In deze zaak heeft de Hoge Raad op 10 september 2010 uitspraak gedaan in een cassatieprocedure tussen [eiser] en Jumbo Supermarkten B.V. De zaak betreft de uitleg van de CAO voor het Slagersbedrijf en de toepassing van de Wet minimumloon en minimumvakantiebijslag. [Eiser] had een arbeidsovereenkomst met Jumbo en vorderde betaling van niet uitgekeerde vergoedingen voor overuren en vakantiegeld. De kantonrechter had een deel van de vordering toegewezen, maar het hof had het eindvonnis van de kantonrechter bekrachtigd.

De Hoge Raad oordeelde dat bij de berekening van de vakantietoeslag geen overwerkvergoedingen in aanmerking genomen moeten worden, maar enkel de geldelijke tegenprestaties voor de normale werktijd. Dit oordeel is gebaseerd op de uitleg van artikel 24 lid 4 van de CAO voor het Slagersbedrijf en artikel 6 van de Wet minimumloon en minimumvakantiebijslag. De Hoge Raad verwierp het beroep van [eiser] en oordeelde dat de uitleg van het hof juist was. Tevens werd [eiser] veroordeeld in de kosten van het geding in cassatie.

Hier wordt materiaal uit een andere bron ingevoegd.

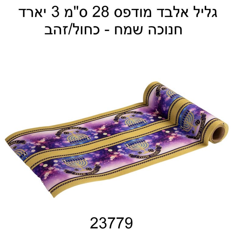 גליל אלבד מודפס 28 ס"מ 3 יארד-חנוכה שמח – כחול/זהב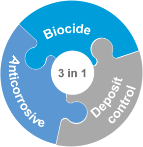 Como consecuencia, a menudo es esencial un tratamiento con biocidas, por ejemplo, en sistemas de refrigeración, papeleras y fábricas de pasta de papel. Los programas de tratamiento tienen que reducir significativamente el contenido bacteriano (TBC) del agua y controlar la formación de biopelículas. Deben tenerse en cuenta los aspectos de minimización de los impactos negativos en el sistema y la compatibilidad medioambiental, como AOX, DQO, degradabilidad y contenido de nitrógeno y fósforo.
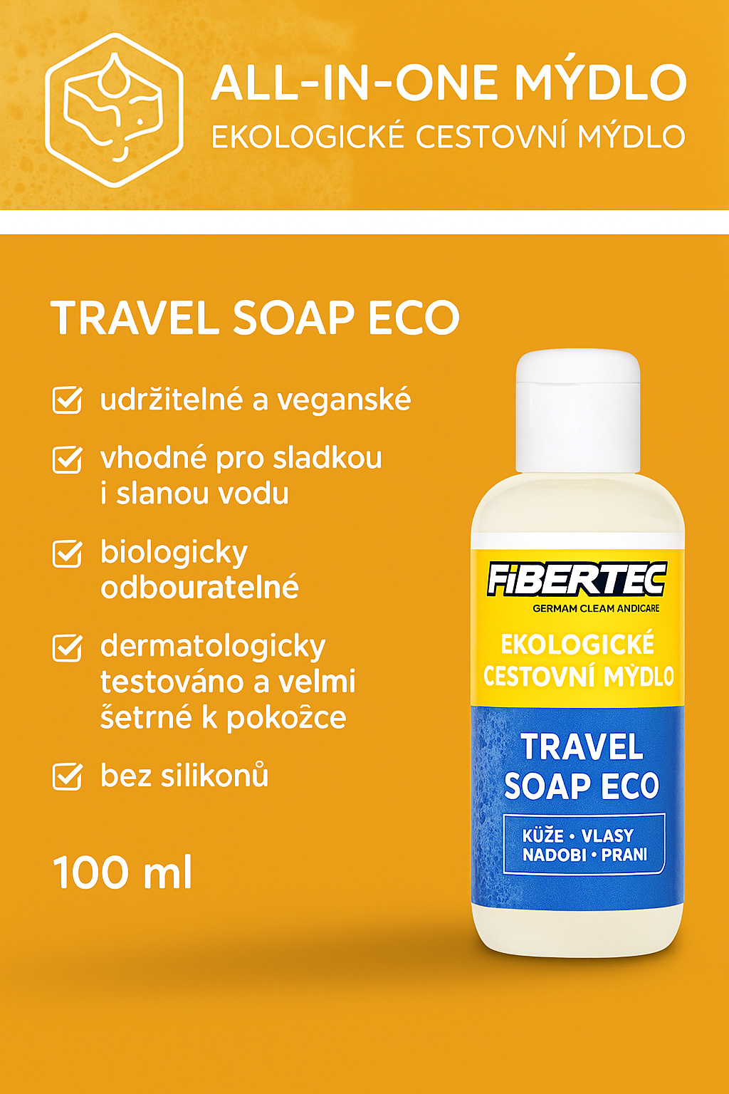 Fibertec Travel Soap Eco je kompaktní a vysoce koncentrované outdoorové mýdlo, které zastoupí hned několik produktů v jednom – šampon, sprchový gel, mýdlo, prostředek na mytí nádobí i prací prostředek. Díky svému šetrnému složení a pH hodnotě 5,5 je ideální pro každodenní péči o tělo a vlasy, a zároveň dostatečně účinné pro použití v přírodě.

De uitspraak benadrukt het belang van duidelijke afspraken in de CAO en de noodzaak om de wettelijke bepalingen correct toe te passen bij de berekening van vakantietoeslagen. De Hoge Raad bevestigde dat de uitleg van de CAO door het hof niet in strijd was met de wet en dat de klachten van [eiser] niet tot cassatie konden leiden. De uitspraak heeft implicaties voor de manier waarop vakantietoeslagen en overwerkvergoedingen in de toekomst berekend moeten worden, vooral in de context van de CAO voor het Slagersbedrijf.

Uitspraak

10 september 2010
Eerste Kamer
08/04829
DV/MD
Hoge Raad der Nederlanden
Arrest
in de zaak van:
[Eiser],
wonende te [woonplaats],
EISER tot cassatie,
advocaat: mr. P. Garretsen,
t e g e n
JUMBO SUPERMARKTEN B.V.,
gevestigd te Amstelveen,
VERWEERSTER in cassatie,
niet verschenen.
Partijen zullen hierna ook worden aangeduid als [eiser] en Jumbo.
1. Het geding in feitelijke instanties
Voor het verloop van het geding in feitelijke instanties verwijst de Hoge Raad naar de navolgende stukken:
a. de vonnissen in de zaak 03-25737 van de kantonrechter te Amsterdam van 11 februari 2004, 25 augustus 2004, (tussenvonnissen) en 14 december 2004 (eindvonnis);
b. het tussenarrest in de zaak 477/05 van het gerechtshof te Amsterdam van 5 januari 2006.
c. het eindarrest in de zaak met de nummers 106.002.570 en 106.002.571 van het gerechtshof te Amsterdam van 17 juli 2008.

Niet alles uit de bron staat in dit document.